Assigned task: Transcribe all data verbatim. Skip the pictures.
------------------------------
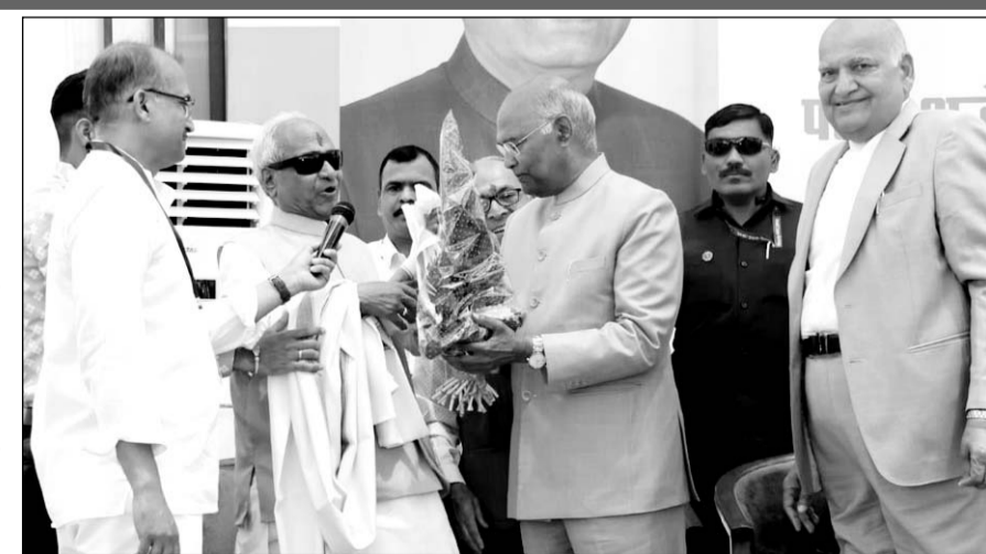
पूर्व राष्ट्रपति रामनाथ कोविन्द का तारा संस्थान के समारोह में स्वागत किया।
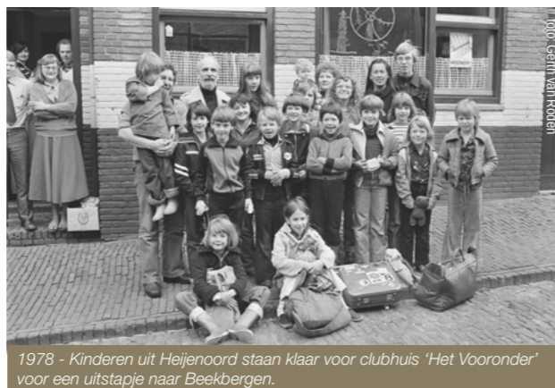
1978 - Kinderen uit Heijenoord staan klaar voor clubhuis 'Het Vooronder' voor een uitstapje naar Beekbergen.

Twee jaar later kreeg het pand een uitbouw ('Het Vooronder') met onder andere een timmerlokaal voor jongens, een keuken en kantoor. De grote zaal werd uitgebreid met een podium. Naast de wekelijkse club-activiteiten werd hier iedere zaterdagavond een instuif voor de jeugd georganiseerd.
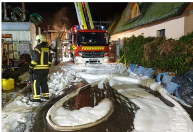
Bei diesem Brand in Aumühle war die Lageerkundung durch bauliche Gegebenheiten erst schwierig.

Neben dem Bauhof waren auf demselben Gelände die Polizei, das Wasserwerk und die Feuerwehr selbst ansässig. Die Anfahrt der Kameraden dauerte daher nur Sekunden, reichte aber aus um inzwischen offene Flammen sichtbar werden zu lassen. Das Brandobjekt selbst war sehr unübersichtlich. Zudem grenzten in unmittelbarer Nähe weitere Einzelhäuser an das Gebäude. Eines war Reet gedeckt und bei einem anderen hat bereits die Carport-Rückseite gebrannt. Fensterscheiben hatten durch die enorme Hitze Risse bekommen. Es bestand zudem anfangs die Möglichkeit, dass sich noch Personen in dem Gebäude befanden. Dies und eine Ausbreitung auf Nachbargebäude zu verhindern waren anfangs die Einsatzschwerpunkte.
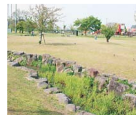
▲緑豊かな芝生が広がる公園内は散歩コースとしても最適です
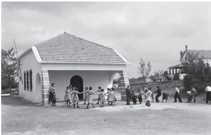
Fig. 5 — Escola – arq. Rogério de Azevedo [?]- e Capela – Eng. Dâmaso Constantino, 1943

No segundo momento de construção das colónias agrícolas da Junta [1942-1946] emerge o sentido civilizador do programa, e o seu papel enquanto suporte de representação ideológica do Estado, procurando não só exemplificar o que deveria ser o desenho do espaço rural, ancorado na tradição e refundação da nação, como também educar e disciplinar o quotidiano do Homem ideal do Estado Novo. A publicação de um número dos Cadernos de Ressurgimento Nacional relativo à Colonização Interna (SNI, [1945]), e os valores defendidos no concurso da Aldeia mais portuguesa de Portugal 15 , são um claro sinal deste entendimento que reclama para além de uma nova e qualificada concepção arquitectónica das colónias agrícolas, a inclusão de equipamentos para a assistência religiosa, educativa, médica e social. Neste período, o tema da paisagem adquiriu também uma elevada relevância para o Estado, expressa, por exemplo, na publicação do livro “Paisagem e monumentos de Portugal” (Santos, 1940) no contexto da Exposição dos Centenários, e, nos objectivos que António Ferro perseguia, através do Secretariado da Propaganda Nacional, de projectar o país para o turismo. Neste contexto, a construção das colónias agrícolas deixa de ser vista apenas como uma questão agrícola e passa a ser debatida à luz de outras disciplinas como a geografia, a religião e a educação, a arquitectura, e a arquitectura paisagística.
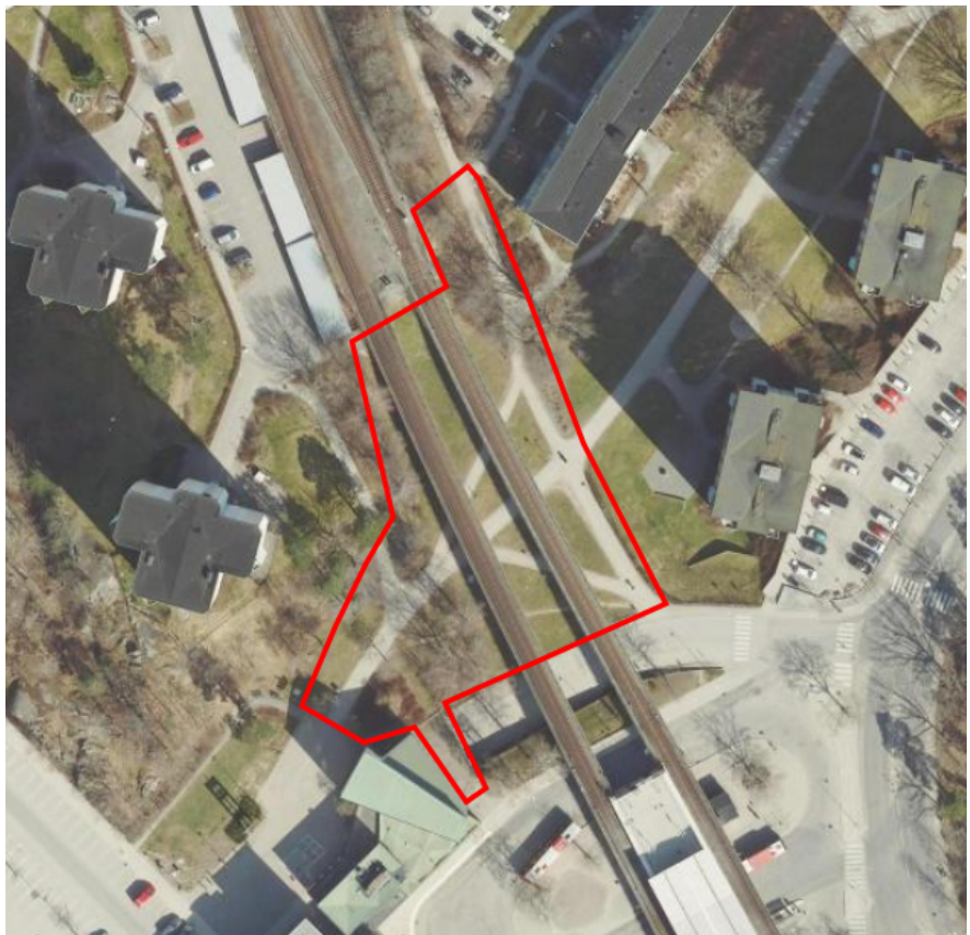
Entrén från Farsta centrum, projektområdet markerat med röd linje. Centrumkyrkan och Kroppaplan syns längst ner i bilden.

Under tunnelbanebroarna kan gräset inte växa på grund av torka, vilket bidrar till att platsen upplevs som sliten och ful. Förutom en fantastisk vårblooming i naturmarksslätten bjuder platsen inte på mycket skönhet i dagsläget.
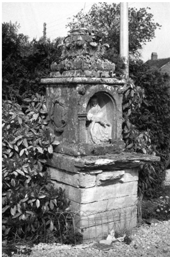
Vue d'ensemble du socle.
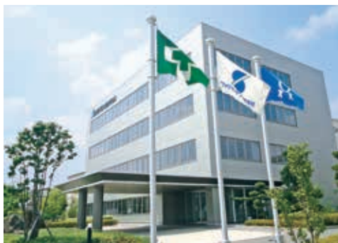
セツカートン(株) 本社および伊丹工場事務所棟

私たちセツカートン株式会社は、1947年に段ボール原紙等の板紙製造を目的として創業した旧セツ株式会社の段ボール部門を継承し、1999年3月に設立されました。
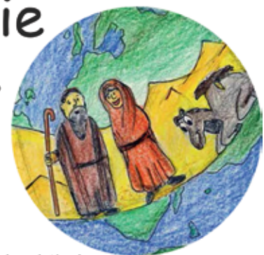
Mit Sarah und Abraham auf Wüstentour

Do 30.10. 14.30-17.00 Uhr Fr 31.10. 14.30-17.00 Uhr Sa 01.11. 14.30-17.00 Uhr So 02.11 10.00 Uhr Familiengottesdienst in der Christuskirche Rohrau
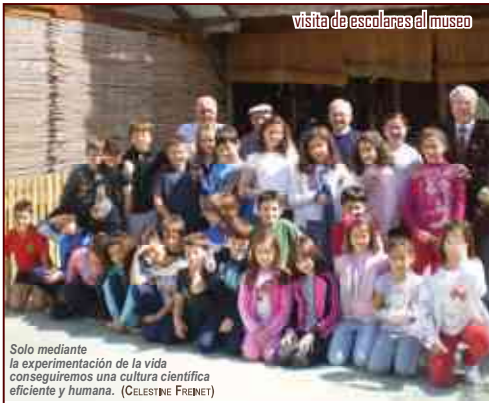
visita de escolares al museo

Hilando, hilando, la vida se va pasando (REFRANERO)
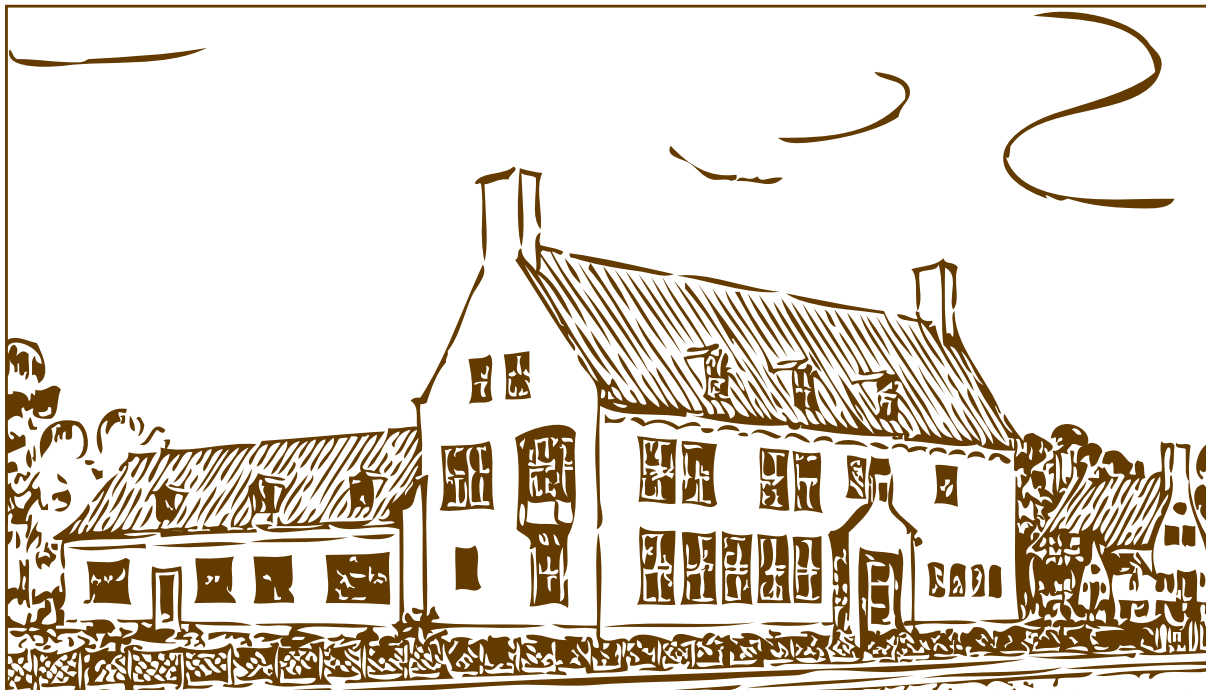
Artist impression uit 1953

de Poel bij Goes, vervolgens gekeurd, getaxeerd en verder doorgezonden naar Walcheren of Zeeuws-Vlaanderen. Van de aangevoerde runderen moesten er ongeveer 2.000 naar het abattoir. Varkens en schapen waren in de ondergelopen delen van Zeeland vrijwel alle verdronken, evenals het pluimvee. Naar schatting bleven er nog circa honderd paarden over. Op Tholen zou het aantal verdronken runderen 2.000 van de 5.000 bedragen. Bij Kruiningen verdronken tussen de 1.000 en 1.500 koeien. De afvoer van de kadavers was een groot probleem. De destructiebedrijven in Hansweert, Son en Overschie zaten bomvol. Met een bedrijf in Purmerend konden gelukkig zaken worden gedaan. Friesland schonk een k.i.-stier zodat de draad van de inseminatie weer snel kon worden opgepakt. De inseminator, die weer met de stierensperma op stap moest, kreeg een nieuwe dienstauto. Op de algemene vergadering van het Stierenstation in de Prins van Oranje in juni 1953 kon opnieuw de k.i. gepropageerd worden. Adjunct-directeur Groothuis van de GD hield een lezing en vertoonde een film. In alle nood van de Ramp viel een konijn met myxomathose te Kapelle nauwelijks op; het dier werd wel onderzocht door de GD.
------------------------------
Final answer:
पूर्व राष्ट्रपति रामनाथ कोविन्द का तारा संस्थान के समारोह में स्वागत किया।
1978 - Kinderen uit Heijenoord staan klaar voor clubhuis 'Het Vooronder' voor een uitstapje naar Beekbergen.

Twee jaar later kreeg het pand een uitbouw ('Het Vooronder') met onder andere een timmerlokaal voor jongens, een keuken en kantoor. De grote zaal werd uitgebreid met een podium. Naast de wekelijkse club-activiteiten werd hier iedere zaterdagavond een instuif voor de jeugd georganiseerd.
Bei diesem Brand in Aumühle war die Lageerkundung durch bauliche Gegebenheiten erst schwierig.

Neben dem Bauhof waren auf demselben Gelände die Polizei, das Wasserwerk und die Feuerwehr selbst ansässig. Die Anfahrt der Kameraden dauerte daher nur Sekunden, reichte aber aus um inzwischen offene Flammen sichtbar werden zu lassen. Das Brandobjekt selbst war sehr unübersichtlich. Zudem grenzten in unmittelbarer Nähe weitere Einzelhäuser an das Gebäude. Eines war Reet gedeckt und bei einem anderen hat bereits die Carport-Rückseite gebrannt. Fensterscheiben hatten durch die enorme Hitze Risse bekommen. Es bestand zudem anfangs die Möglichkeit, dass sich noch Personen in dem Gebäude befanden. Dies und eine Ausbreitung auf Nachbargebäude zu verhindern waren anfangs die Einsatzschwerpunkte.
▲緑豊かな芝生が広がる公園内は散歩コースとしても最適です
Fig. 5 — Escola – arq. Rogério de Azevedo [?]- e Capela – Eng. Dâmaso Constantino, 1943

No segundo momento de construção das colónias agrícolas da Junta [1942-1946] emerge o sentido civilizador do programa, e o seu papel enquanto suporte de representação ideológica do Estado, procurando não só exemplificar o que deveria ser o desenho do espaço rural, ancorado na tradição e refundação da nação, como também educar e disciplinar o quotidiano do Homem ideal do Estado Novo. A publicação de um número dos Cadernos de Ressurgimento Nacional relativo à Colonização Interna (SNI, [1945]), e os valores defendidos no concurso da Aldeia mais portuguesa de Portugal 15 , são um claro sinal deste entendimento que reclama para além de uma nova e qualificada concepção arquitectónica das colónias agrícolas, a inclusão de equipamentos para a assistência religiosa, educativa, médica e social. Neste período, o tema da paisagem adquiriu também uma elevada relevância para o Estado, expressa, por exemplo, na publicação do livro “Paisagem e monumentos de Portugal” (Santos, 1940) no contexto da Exposição dos Centenários, e, nos objectivos que António Ferro perseguia, através do Secretariado da Propaganda Nacional, de projectar o país para o turismo. Neste contexto, a construção das colónias agrícolas deixa de ser vista apenas como uma questão agrícola e passa a ser debatida à luz de outras disciplinas como a geografia, a religião e a educação, a arquitectura, e a arquitectura paisagística.
Entrén från Farsta centrum, projektområdet markerat med röd linje. Centrumkyrkan och Kroppaplan syns längst ner i bilden.

Under tunnelbanebroarna kan gräset inte växa på grund av torka, vilket bidrar till att platsen upplevs som sliten och ful. Förutom en fantastisk vårblooming i naturmarksslätten bjuder platsen inte på mycket skönhet i dagsläget.
Vue d'ensemble du socle.
セツカートン(株) 本社および伊丹工場事務所棟

私たちセツカートン株式会社は、1947年に段ボール原紙等の板紙製造を目的として創業した旧セツ株式会社の段ボール部門を継承し、1999年3月に設立されました。
Mit Sarah und Abraham auf Wüstentour

Do 30.10. 14.30-17.00 Uhr Fr 31.10. 14.30-17.00 Uhr Sa 01.11. 14.30-17.00 Uhr So 02.11 10.00 Uhr Familiengottesdienst in der Christuskirche Rohrau
visita de escolares al museo

Hilando, hilando, la vida se va pasando (REFRANERO)
Artist impression uit 1953

de Poel bij Goes, vervolgens gekeurd, getaxeerd en verder doorgezonden naar Walcheren of Zeeuws-Vlaanderen. Van de aangevoerde runderen moesten er ongeveer 2.000 naar het abattoir. Varkens en schapen waren in de ondergelopen delen van Zeeland vrijwel alle verdronken, evenals het pluimvee. Naar schatting bleven er nog circa honderd paarden over. Op Tholen zou het aantal verdronken runderen 2.000 van de 5.000 bedragen. Bij Kruiningen verdronken tussen de 1.000 en 1.500 koeien. De afvoer van de kadavers was een groot probleem. De destructiebedrijven in Hansweert, Son en Overschie zaten bomvol. Met een bedrijf in Purmerend konden gelukkig zaken worden gedaan. Friesland schonk een k.i.-stier zodat de draad van de inseminatie weer snel kon worden opgepakt. De inseminator, die weer met de stierensperma op stap moest, kreeg een nieuwe dienstauto. Op de algemene vergadering van het Stierenstation in de Prins van Oranje in juni 1953 kon opnieuw de k.i. gepropageerd worden. Adjunct-directeur Groothuis van de GD hield een lezing en vertoonde een film. In alle nood van de Ramp viel een konijn met myxomathose te Kapelle nauwelijks op; het dier werd wel onderzocht door de GD.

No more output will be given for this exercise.